The processing system 105 can comprise any electronic circuitry that stores and retrieves data from a digital memory. The processing system 105 can comprise a processor, specialized chip, circuitry, etc. In addition, the processing system 105 can further control or interact with other components and/or features of the air cleaner 100. Operation of the processing system 105 is discussed below, in conjunction with FIG. 2.

FIG. 2 is a flowchart 200 of an air cleaner state backup method according to an embodiment of the invention. In step 201, an air cleaner state is received. The air cleaner state can be received in the processing system 105, for example. The air cleaner state can be received upon a state change. The state change can occur due to any cause and can occur at any time. For example, a state change can occur upon a user action to a control panel of the air cleaner 100. The user can change a fan speed in order to cause a state change.

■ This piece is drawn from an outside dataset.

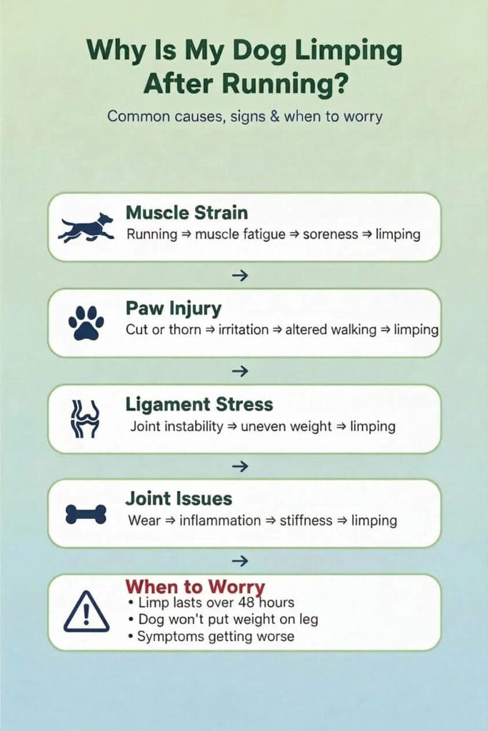 This visual explains why a dog may limp after running, including muscle strain, paw injury, ligament stress, or joint issues.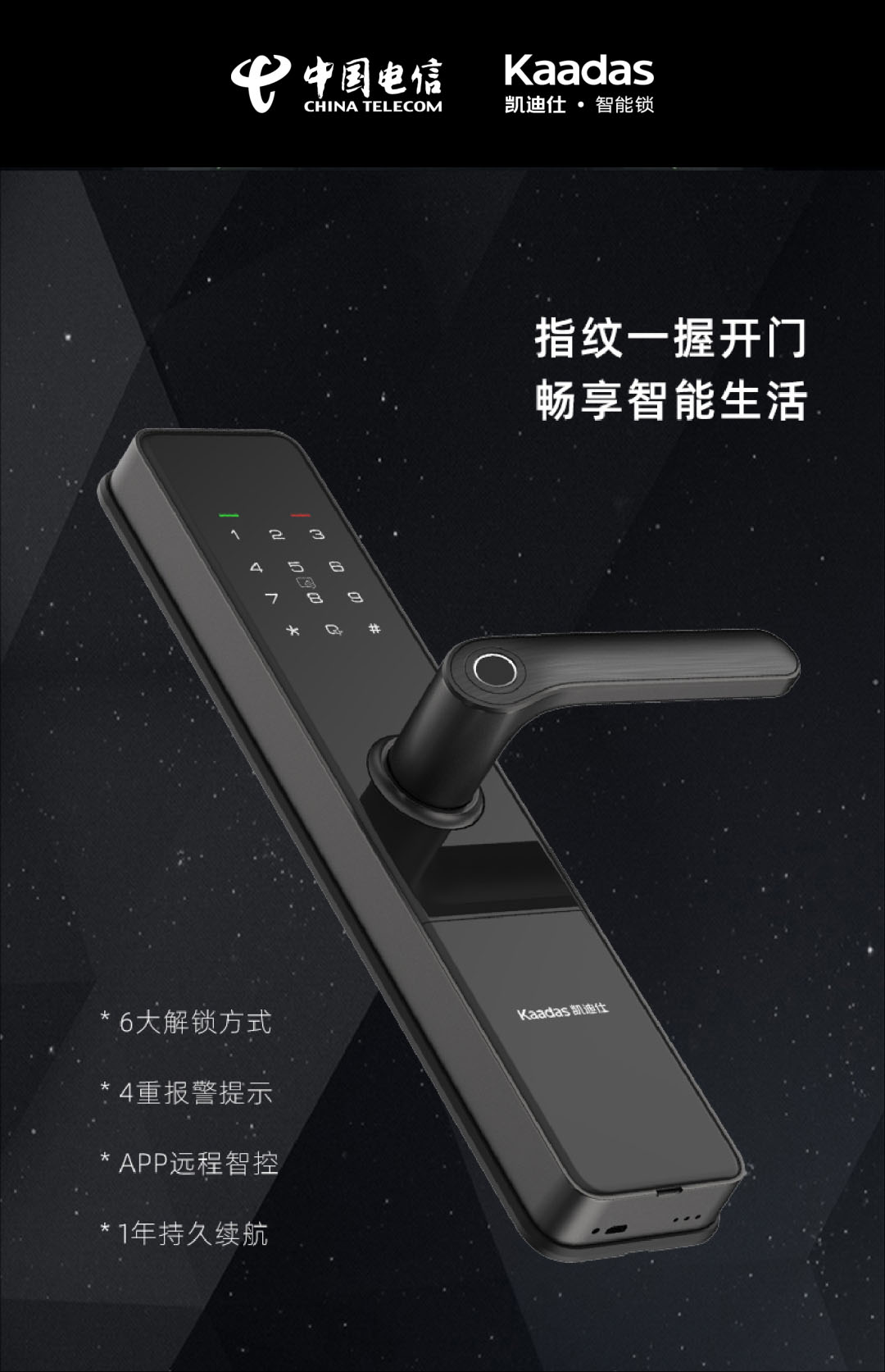 DK01擁有(yǒu)6大(da)開鎖方(fang)式(shi)咊(he)4重(zhong)報警提示,可(kě)以(yi)幫助萬千傢(jia)庭擺脫鑰匙束縛,快速(su)回傢(jia)安(an)心外出。同時,DK01加(jia)入中(zhong)國(guo)電(dian)信(xin)智慧傢(jia)庭生(sheng)态圈,通(tong)過(guo)小(xiǎo)翼筦(guan)傢(jia)App遠(yuǎn)程(cheng)智控們(men)鎖,聯(lian)動(dòng)全屋智能(néng)傢(jia)電(dian),讓一(yi)握開啓智慧美好生(sheng)活成(cheng)爲(wei)可(kě)能(néng)。

The user can turn components on and off to cause a state change. Alternatively, the air cleaner state can be received upon an operational change in the air cleaner 100. For example, a predetermined routine or function can be programmed into the air cleaner 100 and can autonomously initiate a state change.

In step 202, the air cleaner state is saved to the air cleaner state memory element 112. The air cleaner state memory element 112 comprises a volatile memory element that retains the air cleaner state for as long as the state memory element 112 is provided with electrical power.

In step 203, the air cleaner state is further saved to the air cleaner state backup memory element 122. The air cleaner state backup memory element 122 comprises a non-volatile memory element that retains the air cleaner state even in the absence of electrical power. Therefore, over power cycles or power losses, the air cleaner state backup memory element 122 can be accessed in order to restore a pre-power cycle or pre-power loss air cleaner state. In addition, in the event of an operational failure, a previous air cleaner state can be recovered and resumed.

FIG. 3 is a flowchart 300 of an air cleaner state backup method according to an embodiment of the invention. In step 3201, a state change is received, as previously discussed.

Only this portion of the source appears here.